What is expected |
From the line holding "George Henry Mourners" through the line holding "- 2-х местный" below, write out every line exactly; include both of those lines and drop the pictures.

Records for this task |
-=-=-
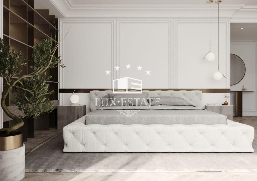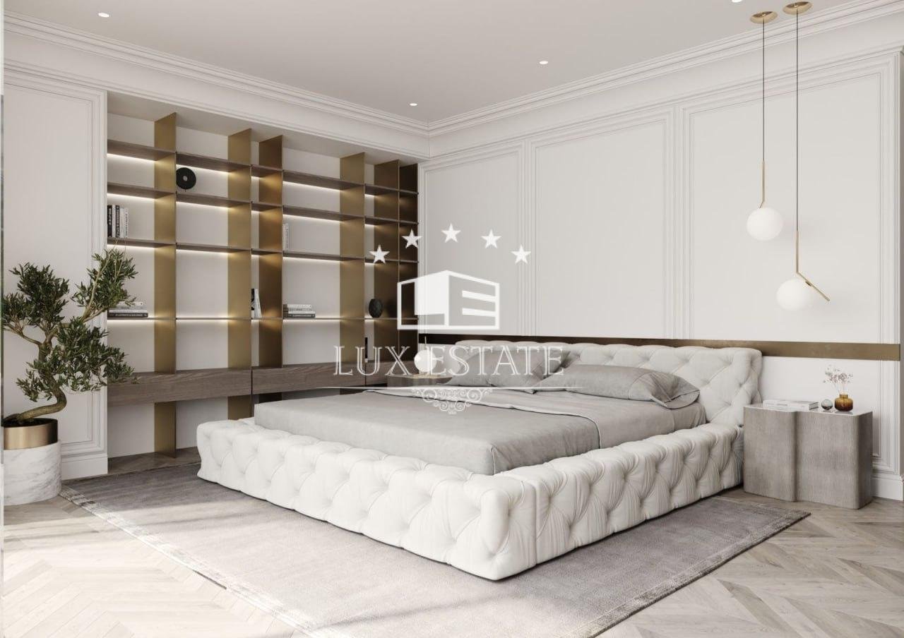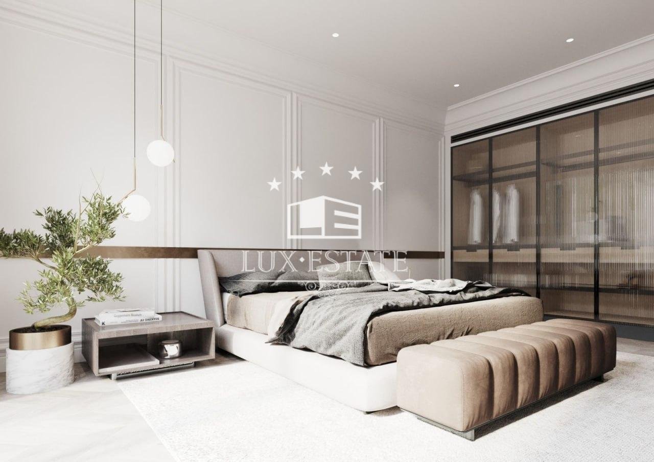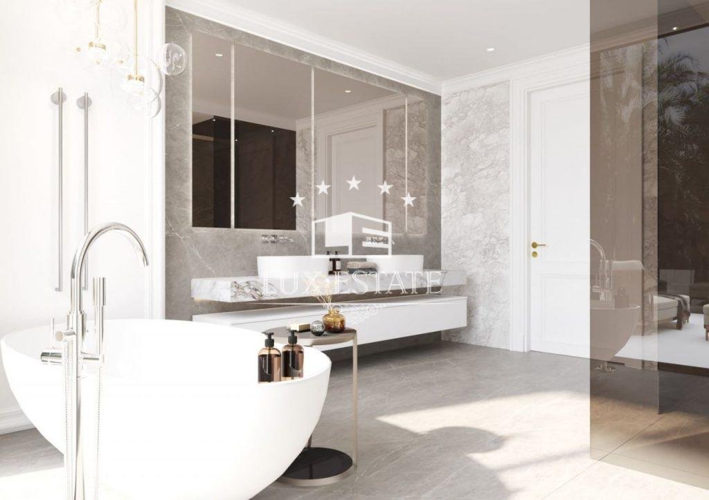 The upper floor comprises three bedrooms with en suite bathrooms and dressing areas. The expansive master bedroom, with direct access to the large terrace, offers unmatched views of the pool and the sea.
-=-=-
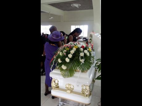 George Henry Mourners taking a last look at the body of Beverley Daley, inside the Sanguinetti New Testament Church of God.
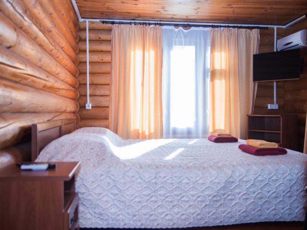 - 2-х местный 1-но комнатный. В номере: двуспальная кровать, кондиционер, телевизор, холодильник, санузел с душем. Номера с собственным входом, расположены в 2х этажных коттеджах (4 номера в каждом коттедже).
-=-=-
Finished exercise |
 George Henry Mourners taking a last look at the body of Beverley Daley, inside the Sanguinetti New Testament Church of God.
 - 2-х местный 1-но комнатный. В номере: двуспальная кровать, кондиционер, телевизор, холодильник, санузел с душем. Номера с собственным входом, расположены в 2х этажных коттеджах (4 номера в каждом коттедже).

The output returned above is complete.